Longarm faked a huge yawn and a stretch and said, plenty loud enough that he was sure Buddy could hear, “Reckon I’m gettin’ a mite sleepy too, ma’am. If you don’t mind, I’ll step outside an’ smoke one more cigar before I turn in. No need for you to wait up an’ see me back inside, though. I’ll bar the door when I come to bed.”
“But Mr. Long … I … don’t know what to say.”
“G’night is the custom, ma’am.” Longarm grinned. “But you say whatever it is you have in mind.”
“I … good night, Mr. Long.”
“Good night, Mrs. Fulton.” He turned and went outside, a slim cheroot already in hand.
Longarm’s eyes snapped open. He was instantly awake, not yet sure of what he’d heard or sensed to bring him out of his sleep, but certain there had been something, some noise or movement or inexplicable mental alarm, that roused him.
The shanty was dark as a tax collector’s intentions save for a faint, scarcely discernible red glow from embers dying in the stove. The fact that a few coals were still pulsing heat and light meant he hadn’t been sleeping for very long. Call it two hours tops and probably less, Longarm judged. His right hand slid surreptitiously toward the butt of the double-action Colt revolver he’d laid beside his head before sinking into sleep. If it was danger that was approaching …
The faint sounds of cloth rustling softly in the night drew his attention away from the door, the area most likely to present danger, and toward the back of the small house.
Longarm could hear Buddy’s slow, monotonous breathing as the boy slept. Which pretty much narrowed the possibilities. He let go of his hold on the revolver and pushed gun and holster away.

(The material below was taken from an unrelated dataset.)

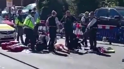 CCTV footage shows rescue teams at the scene of a stabbing attack in Golders Green; the suspect is detained by police. (X; used in accordance with Clause 27a of the Copyright Law)

Angela Fulton reached his side and dropped to her knees. There was enough light given off through the stove damper that he could make out the pale form that was her nightgown and the dim shape of her face and limbs.
Thinking only to let her know that he was already awake he touched her wrist. The unexpected contact startled her and she jumped in sudden alarm, a strangled squeak escaping from her throat but quickly brought in check. A dozen feet away Buddy continued his slumber undisturbed.
She bent close so she could whisper into his ear softly enough that there would be no likelihood of waking her son. “You’re a nice man, Mr. Long.”
“Miz Fulton, if you’ve woke me up just so you could tell me that …”
“Please, Mr. Long.”
“Sorry.” He decided maybe it wasn’t teasing she was needing here in the middle of the night.
“It has been … I can’t tell you how terribly, terribly long it has been since anyone has been … nice to me. I mean, genuinely nice, really and truly nice, just to be nice. I mean, not because they’re wanting anything out of it but just to be really, really nice. And to Eric too. That means so much to me, Mr. Long, I just can’t tell you.”
“There’s nothing you got to tell, Miz Fulton, nor nothing you got to do.”